Annu Rev Neurosci. 2005;28:89-108. doi: 10.1146/annurev.neuro.26.041002.131436.
Over the past two decades, molecular genetic studies have enabled a common conceptual framework for the development and basic function of the nervous system. These studies, and the pioneering efforts of mouse geneticists and neuroscientists to identify and clone genes for spontaneous mouse mutants, have provided a paradigm for understanding complex processes of the vertebrate brain. Gene cloning for human brain malformations and degenerative disorders identified other important central nervous system (CNS) genes. However, because many debilitating human disorders are genetically complex, phenotypic screens are difficult to design. This difficulty has led to large-scale, genomic approaches to discover genes that are uniquely expressed in brain circuits and regions that control complex behaviors. In this review, we summarize current phenotype- and genotype-driven approaches to discover novel CNS-expressed genes, as well as current approaches to carry out large-scale, gene-expression screens in the CNS.

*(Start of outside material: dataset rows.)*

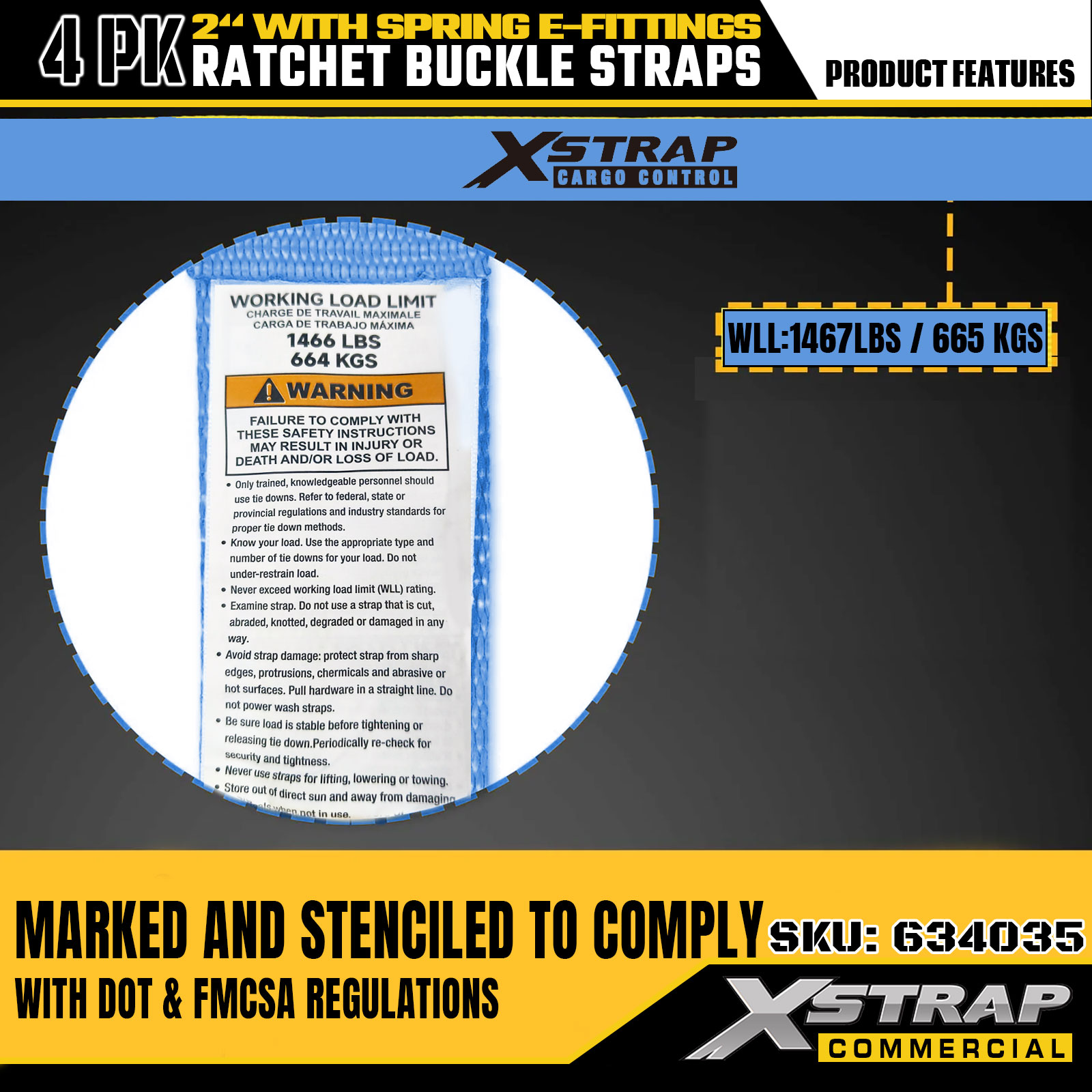 - Étiquettes claires SWL et de résistance à la rupture pour la prévention des surcharges : chaque sangle est clairement étiquetée avec une charge de travail sûre (SWL) de 1 467 LBS et une résistance à la rupture maximale de 4 401 LBS, fournissant des informations de sécurité essentielles pour éviter les surcharges.
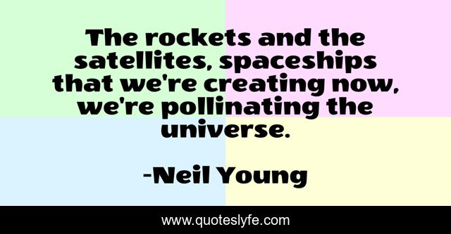 This page presents the quote "The rockets and the satellites, spaceships that we're creating now, we're pollinating the universe.". Author of this quote is Neil Young. This quote is about universe, now, creating,.
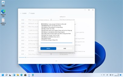 这是一款制作lrc文件的应用。 使用教程: 1、复制歌曲的完整歌词到应用界面到右侧的文本框,注意一行一句歌词,如果有空白行,点击去除空白行按钮。 2、点击添加音频按钮(Ctrl+N)加载歌曲的音频文件,点击下放播放按钮(F1)。 3、当歌曲唱到第一行歌词时候,点击←按钮(F3),此时第一行歌词会被移动到左侧,并打上时间标签。依次类推,当歌曲播放完毕时,右侧所有歌词都被移动到了左侧列表。 4、把进度条拉到最左侧从头再播放一遍歌曲,随着时间的推移,左侧歌词列表会按之前标记的时间时间依次被选中(背景发生变化),此时可以校对那些时间有误差的歌词并且点击加减按钮来调整单句歌词的时间。 5、最后,点击导出歌词——另存为,即可将lrc文件保存到文件夹。
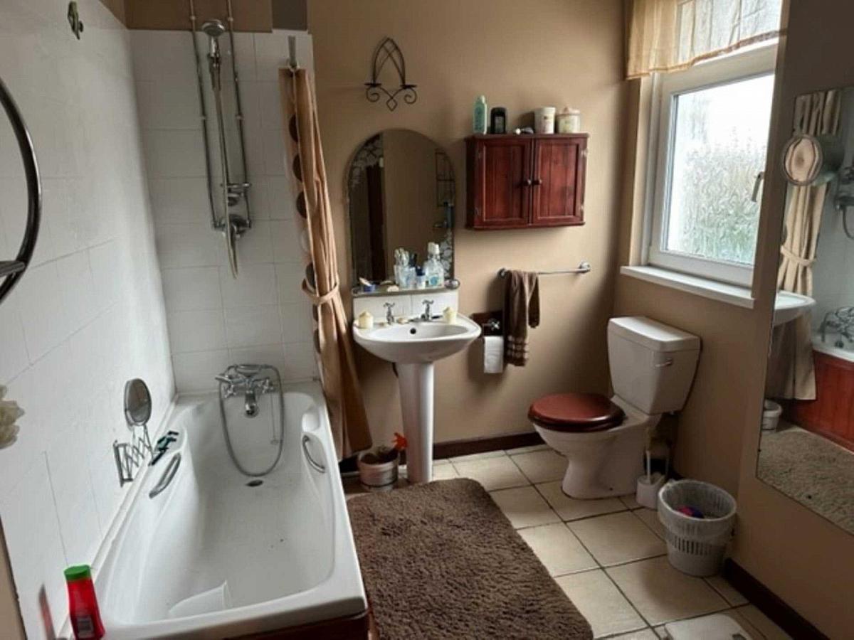 White suite comprising pine panelled bath with chrome mixer tap and telephone hand shower. Wall mounted thermostatically controlled shower fitting. Pedestal wash hand basin. Low flush WC. Tiled floor. Part tiled walls. Cupboard housing gas fired central heating boiler.

在过去二十年中,分子遗传学研究为神经系统的发育和基本功能建立了一个通用的概念框架。这些研究,以及小鼠遗传学家和神经科学家为鉴定和克隆自发小鼠突变体的基因所做的开创性工作,为理解脊椎动物大脑的复杂过程提供了一个范例。针对人类脑畸形和退行性疾病的基因克隆鉴定出了其他重要的中枢神经系统(CNS)基因。然而,由于许多使人衰弱的人类疾病在遗传上很复杂,因此难以设计表型筛选。这一困难导致了大规模的基因组方法来发现那些在控制复杂行为的脑回路和区域中特异性表达的基因。在这篇综述中,我们总结了当前基于表型和基因型驱动的发现新的中枢神经系统表达基因的方法,以及目前在中枢神经系统中进行大规模基因表达筛选的方法。